DISSERTATION suffit-il d'être certain pour être dans le vrai?

       
        « Verum index sui ». Le vrai est à lui-même sa propre évidence affirme Spinoza. En d'autres termes, lorsque nous sommes dans le vrai nous le savons avec clarté et distinction de manière certaine. Pourtant, de nombreuses certitudes s'avèrent au bout du compte illusoires. L'absence de lien nécessaire entre ces deux concepts vient de leur différence de nature. En effet, le vrai désigne un jugement conforme à la réalité, être dans le vrai c'est par conséquent formuler un jugement objectif, c'est à dire conforme à son objet. Pour parvenir à cette fin nous devons établir un dialogue entre la raison et l'expérience. La quête de la vérité présuppose l'usage de la raison. A contrario, être certain c'est croire savoir; par conséquent la certitude est éminemment subjective. Cette différence de nature légitime l'interrogation des liens existants entre vérité et certitude. Suffit-il d'être certain pour être dans le vrai? La certitude est-elle une condition nécessaire de la vérité ou bien constitue t-elle au contraire un obstacle? S'il est évident que la certitude ne mène pas nécessairement à la vérité, il n'empêche qu'elle n'est pas non plus toujours synonyme de fausseté. Pourtant, nous verrons que l'absence de certitude est peut-être un chemin plus sûr dans la quête de la vérité.

       
         La contingence du lien entre vérité et certitude est une évidence vérifiable dans de nombreux domaines. Lorsque Pasteur, par exemple, remets en question la théorie de la génération spontanée lors d'un débat à l'académie de science avec le médecin Pouchet, il met fin de manière définitive à une certitude ancrée dans l'esprit des scientifiques depuis au moins l'antiquité avec Aristote jusqu'au 19 siècle avec des hommes célèbres comme Buffon ou Lamarck. Cette théorie affirmait que les petits animaux comme les mites, les vers ou même les rats, surgissaient de la matière inanimée. Si aujourd'hui cette conception semble absurde, c'est parce que Pasteur a contribué à son discrédit en mettant en évidence le mode de génération et de multiplication des être vivants de petites tailles. La vie ne peut venir que de la vie, telle est la découverte fondamentale de Pasteur. L'histoire des sciences ou même la simple vie quotidienne nous offrent de nombreux exemples montrant que la certitude ne mène pas nécessairement à la vérité. Comment expliquer ce fait? Pourquoi la certitude ne mène pas toujours à la vérité?

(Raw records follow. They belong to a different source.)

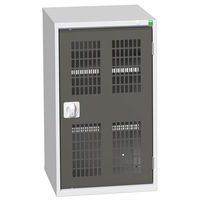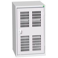 Svejset stålpladekonstruktion. Forstærkede døre med 3-punkts lås. Ventilerede døre for god ventilation og overblik over indholdet. Hylder i galvaniseret stål, justerbare i trin af 25 mm. Belastningsevne pr. hylde 60 kg. Sikkerhedsråd: - installer møblet på en plan overflade - fastgør det til en væg eller skillevæg med egnede beslag - sørg for ikke at overskride den maksimalt anbefalede belastning, og sørg for, at den er godt fordelt. Lavet i UK Maksimal last (kg) : 1000 Maksimal vægt pr. hylde (kg) : 75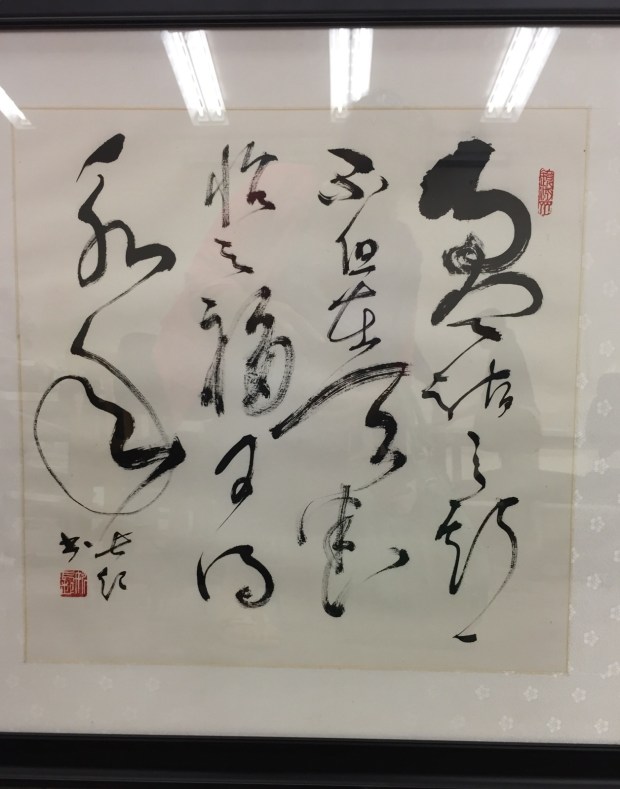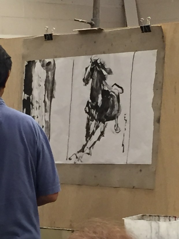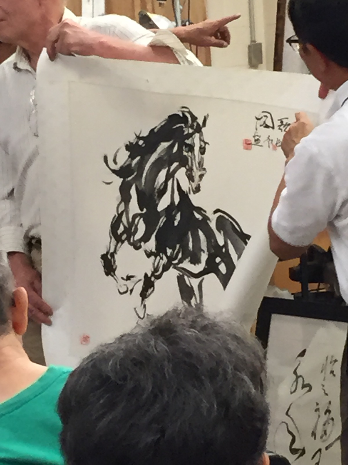 Thru an interpreter he explained that he ponders his subject for a few days and then paints it quickly with a large chinese ink brush and ink on rice paper which he ripped off a large roll.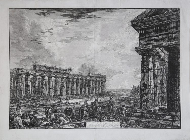 The series of the views of Paestum, realized in 1778, is the last work Piranesi realized before his death. Although he was already an archaeology expert, he went to visit the three temples in 1777 to realize his preparatory drawings for the engravings (twenty plates and the front page). Only 18 of these plates have been signed by Giovan Battista, while three bear the signature of his son, Francesco.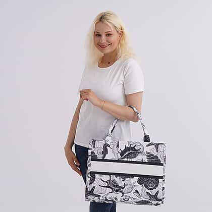 Bring coastal charm to your everyday routine with this nautical print linen tote bag, featuring a striking black seahorse pattern on a crisp white base. Crafted from breathable linen with a sturdy polyester lining, it’s both stylish and practical. With a spacious 43x16x35cm size, it comfortably holds all your daily essentials. A secure top zip keeps everything safe, while zipped pockets inside and out help you stay organised. The 20cm handle drop allows for a relaxed shoulder carry, and the metallic hardware and nylon zip add a polished finish. Perfect for beach days, markets, or casual outings.
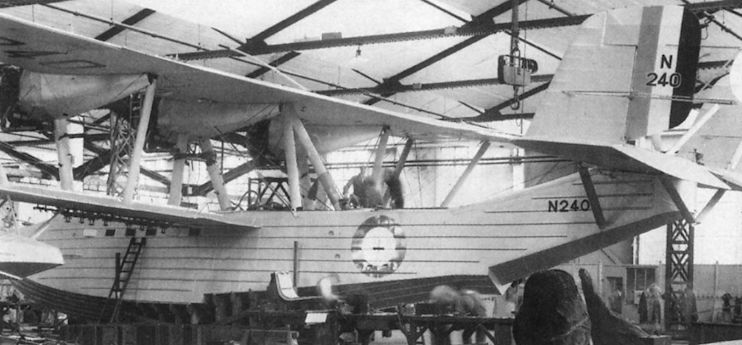 Регистрационный номер: N240 [9] N240 under maintenance or modification in the manufacturer’s East Cowes shed at an early stage in its development. It has the early unbalanced elevators and is fitted with underwing bomb racks. Note that its serial number is painted on the underside of the upper mainplane.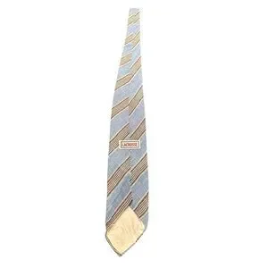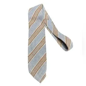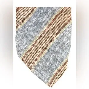 Woven striped tie. Features alternating light blue, cream, and brown stripes. Textured fabric with classic diagonal pattern. Versatile accessory for smart casual looks.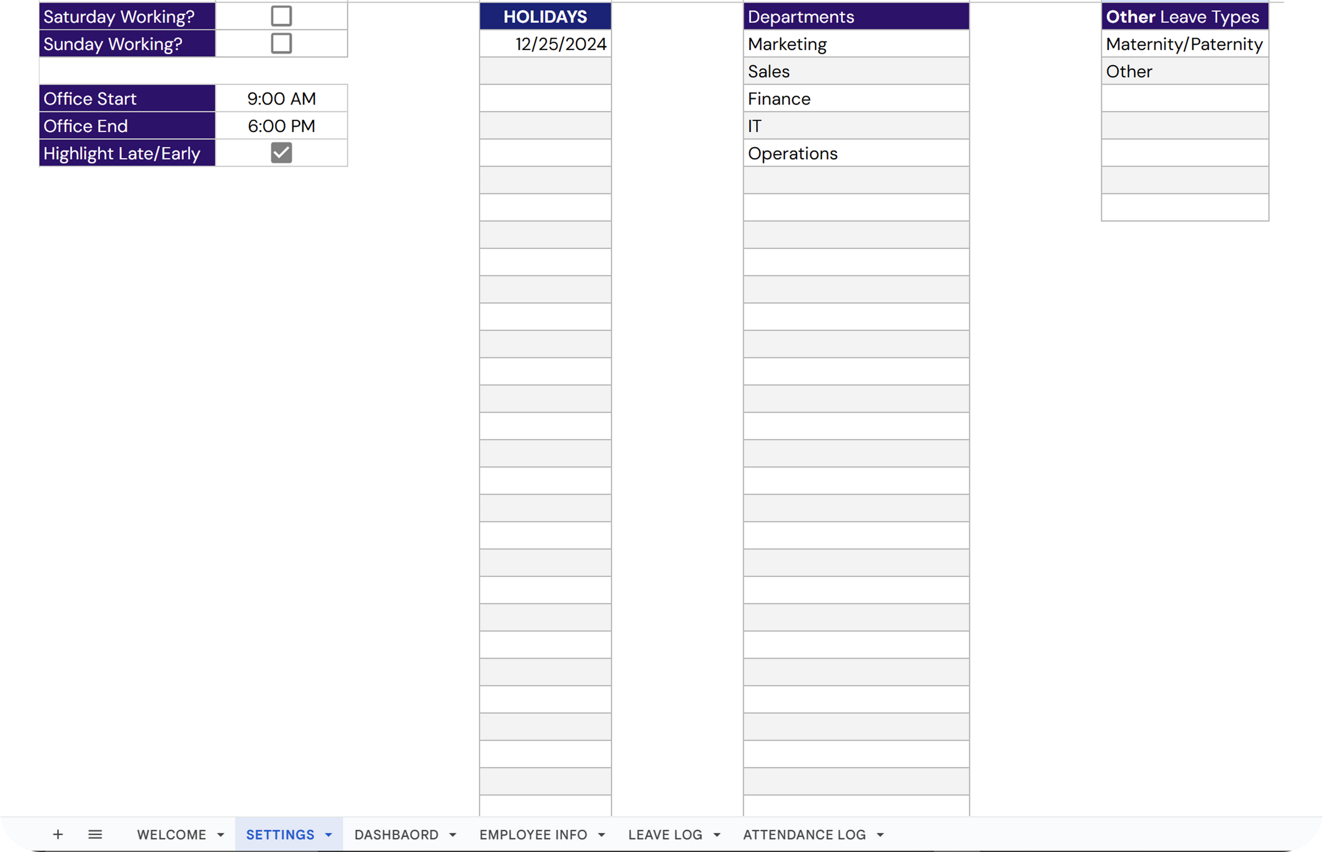 ✔ Holidays: Log in advance for all the upcoming holidays.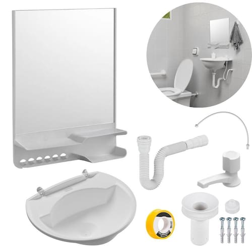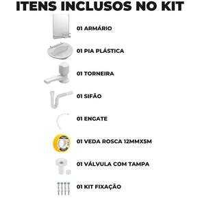 Armário Banheiro Espelheira Sobrepor 26,5x6,5x34,8cm Com um design moderno e traços retos, o armário otimiza o espaço do ambiente, organizando e armazenando com eficiência os objetos do dia a dia. Ele já vem montado, o que facilita a instalação, e pode ser instalado sobreposto à parede, proporcionando ainda mais praticidade. ESPECIFICAÇÕES TÉCNICAS Modo de Instalação: Sobrepor Material: Poliestireno Acabamento: Fosco Abertura da Porta: Lado Esquerdo ou Direito Quantidade de Portas: 0 Porta s Acompanha Espelho: Sim Espelho Interno: Não Quantidade de Prateleiras: 1 Prateleiras Tipo de Material: Plástico Cor: Branco do Fabricante: 90 dias Manual: Sim Dimensões: 26,5 x 6,5 x 34,8 cm Pia Lavatório Banheiro Plástico 8L Branca A pia plástica para banheiro da marca Astra é uma opção prática e funcional para instalação em ambientes com espaços reduzidos. Com dimensões compactas e design simples, é fabricada em polipropileno de alta qualidade, o que garante sua resistência e durabilidade. ESPECIFICAÇÕES TÉCNICAS Material: Polipropileno Dimensões: 50 x 18,3 x 40cm Possui Porta Sabonete: Sim Possui Furo Para Torneira: Não Capacidade: 8L Locais Sugeridos: Banheiros e Lavabos Acabamento: Brilhante Cor: Branca Formato: Oval do Fabricante: 90 dias Torneira Para Lavatório Plástica Branca A torneira para lavatório possui o volante anatômico, que facilita a abertura e o fechamento, o plástico ABS com proteção UV, e a durabilidade e a qualidade sempre presente nos produtos. ESPECIFICAÇÕES TÉCNICAS Composição: Plástico de engenharia ABS , Polipropileno PP e elastômeros Utilização: Água fria Fabricação: Nacional Sifão Sanfonado Universal 73cm Branco O sifão sanfonado universal é um acessório essencial de encanamento, projetado para se adaptar a qualquer saída de válvula de pia e a qualquer tubulação de esgoto, independentemente de seu tamanho ou tipo. Além disso, o sifão sanfonado corrige possíveis desalinhamentos entre a cuba e a tubulação de despejo, evitando assim a formação de bloqueios e obstruções que possam causar vazamentos ou refluxo de água suja. Esse acessório é ideal para tanques, pias e cubas em banheiros, cozinhas e lavanderias. ESPECIFICAÇÕES TÉCNICAS Material: Polipropileno Entrada Para Válvula Polegada : 7/8 Saída Para Tubos e Conexões: 38, 40, 48 e 50mm Modelo: Para pias, cubas, tanques, lavatórios e válvula americana Suporta temperatura até: 90 graus Cor: Branco Acabamento: Brilhante Manual de Instalação: Sim ITENS INCLUSOS 01 Armário 01 Pia Plástica 01 Suporte 01 Válvula Com tampa 03 Buchas S10 06 Buchas S6 03 Parafusos 3,5 x 55mm 02 Parafusos 3,5 x 30mm 04 Parafusos 3 x 30mm 05 Arruelas 01 Torneira Plástica 01 Sifão 01 Rolo de Fita Veda Rosca 12mm x 5m 01 Engate Flexível 40cm x 1/2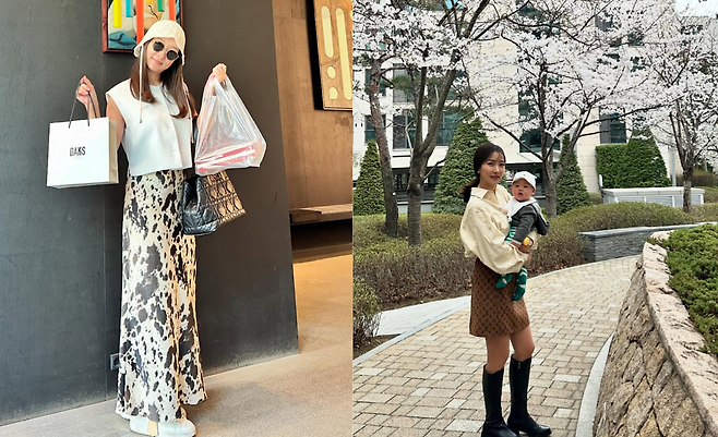 이인혜는 만개한 벚꽃을 배경으로 크림색 오버사이즈 스웨터와 브라운 톤의 패턴 미니스커트를 매치해 세련된 봄 룩을 연출하고 있다. 무릎까지 올라오는 블랙 롱부츠로 다리 라인을 강조하며, 아기를 안고 있는 모습에서도 편안하면서도 스타일리시한 모성미를 보여주고 있다.

         L'absence de lien nécessaire entre ces deux concepts vient de leur différence de nature. La quête de la vérité présuppose l'usage de la raison. A contrario, on peut remarquer que le sentiment d'avoir raison a souvent des causes irrationnelles.Le phénomène du conformisme, par exemple, montre que l'on peut adhérer à un jugement allant à l'encontre de notre raison à cause du nombre d'individus soutenant celui-ci. Le psychologue Solomon Asch met en évidence ce fait par une expérience. Il réunit un groupe de dix personnes composé de neuf acteurs et d'une victime. Ils doivent sélectionner parmi trois segments celui qui correspond au segment témoin. La réponse est évidente et, dans la solitude, personne ne pourrait se tromper. Pourtant, Solomon Asch montre que si tous les acteurs choisissent une mauvaise réponse, on observe statistiquement que 37% des individus testés adhèrent à la réponse fausse du groupe. La tendance à associer la vérité et l'unanimité s'explique par la peur de se tromper et d'être rejeté du groupe. L'intérêt de cette expérience c'est donc de démontrer que la certitude à des causes irrationnelles nous éloignant de la vérité objective.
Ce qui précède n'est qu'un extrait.